The Changing Fortunes of the West End’s Fortune Theatre

Take a walk down Russell Street in Covent Garden and you’ll see one of the saddest looking theatre façades in London. But major plans are afoot to renovate the Fortune Theatre.

The current state of the Fortune Theatre
The current state of the Fortune Theatre

The years since 1924 have not been kind to the Fortune Theatre, the 400-odd seat theatre in Russell Street that is dwarfed by its neighbour, the giant Theatre Royal Drury Lane.

Home to successful thriller The Woman in Black for the last 21 years, the Fortune was one of the first buildings in London to experiment with concrete and, since the demolition of Wembley Stadium, is now the oldest remaining public building to be designed using concrete as a textured and exposed façade.
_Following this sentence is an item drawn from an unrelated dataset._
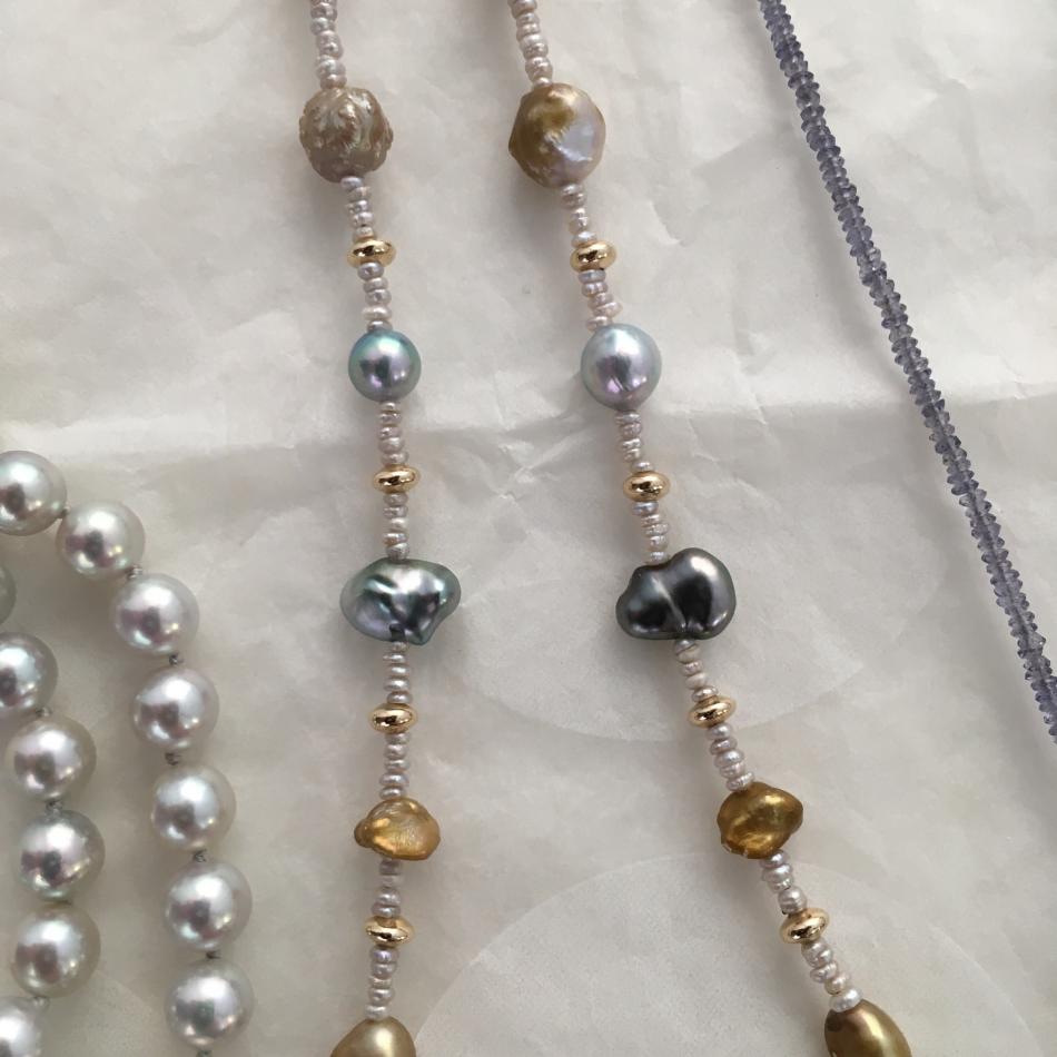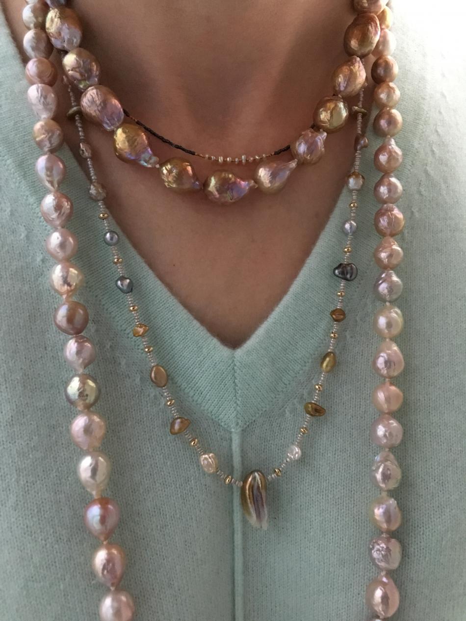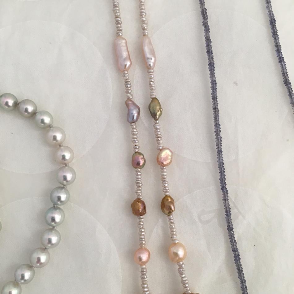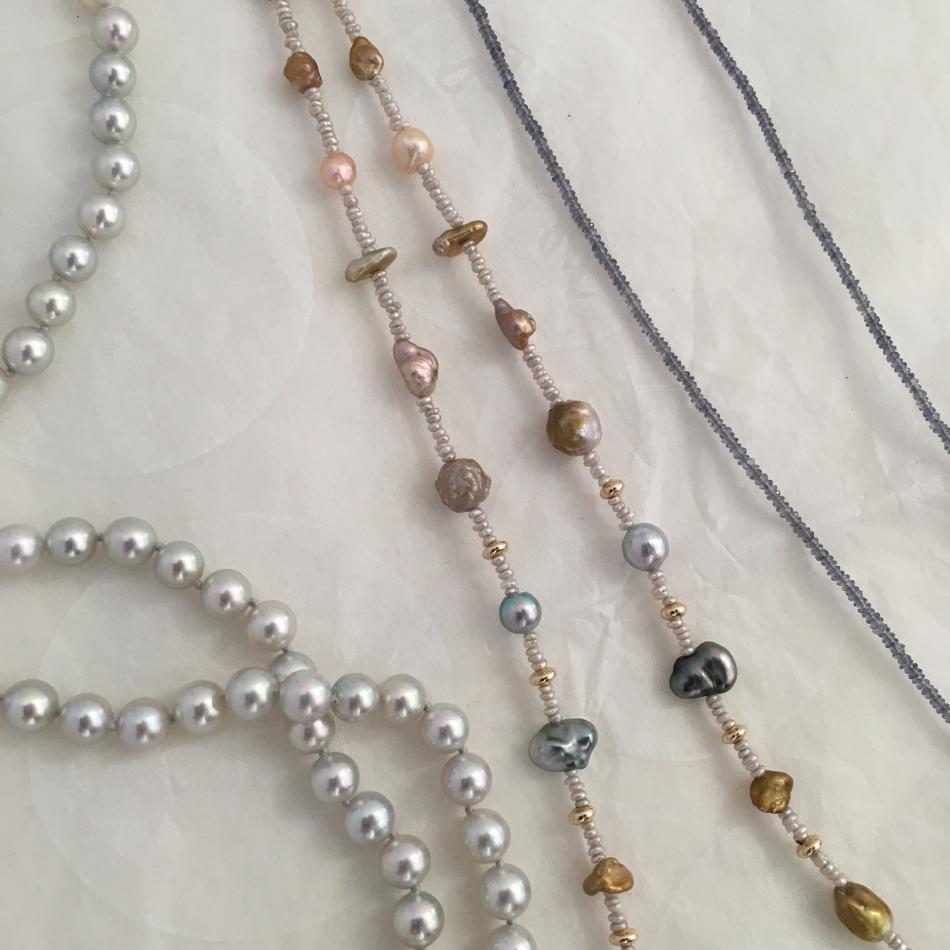 Tiny South Sea akoya choker from Kojima Pearl, metallic ripples from Catherine Cardellini, feather pearl necklace from Kojima Pearl, 50" lavender ripple rope from Catherine Cardellini.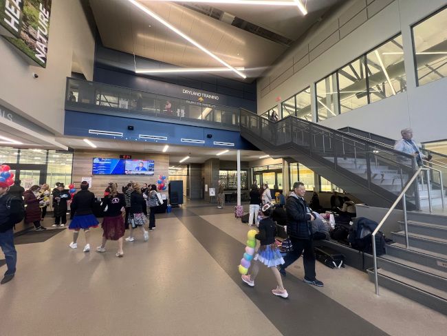 We walked in the front doors to find a massive atrium area. All of the seating is up a level while locker rooms and ice surfaces are on street level. We got L checked in, got her NSD jacket, then we headed upstairs to watch *a lot* of ice dancing.

And it’s the concrete that is the problem. Last winter’s bad weather has led to the concrete façade becoming pot-marked and eroded, which is why David Blyth, who was upped last month to Property Director of Ambassador Theatre Group, owner of the Fortune, is planning a major renovation of the theatre.

Work is timed to start in June this year and completed at the beginning of September, ready for the winter onslaught.

“We plan to completely strip both the front and side façades of the theatre”, he told, “and put a replica of the original canopy back over the front of the theatre”. The theatre will also see new display boards, signage and a brand new lighting system.

Planned renovations of the Fortune Theatre
Planned renovations of the Fortune Theatre

Originally designed by Ernest Schaufelberg, who also rebuilt the Adelphi Theatre in 1930, the Fortune was the first theatre in London to be built after the First World War and opened, suitably enough given The Woman in Black’s long residency, as the Fortune Thriller Theatre on 8 August 1924.

Owning West End theatres is not for the faint-hearted, with significant investment required in continually renovating these historic, often listed buildings. The Theatre’s Trust warned this week that recent Arts Council cuts will have an adverse effect on the protection of theatres, and even multi-millionaire Andrew Lloyd Webber, who owns a number of West End venues including the London Palladium and Her Majesty’s Theatre, admitted recently that the enormous investment required to continually redevelop West End theatres was “simply beyond me”.

Ambassador Theatre Group, now by far the largest theatre owner in the West End (and, according to their press, the world), will carry enormous responsibility in preserving West End theatres and continually investing in their upkeep.

David Blyth’s team seem up for the challenge, and are currently renovating the Phoenix Theatre, home to Blood Brothers, to be ready by the end of May. As David says, “both theatres will look quite smart when they are finished”.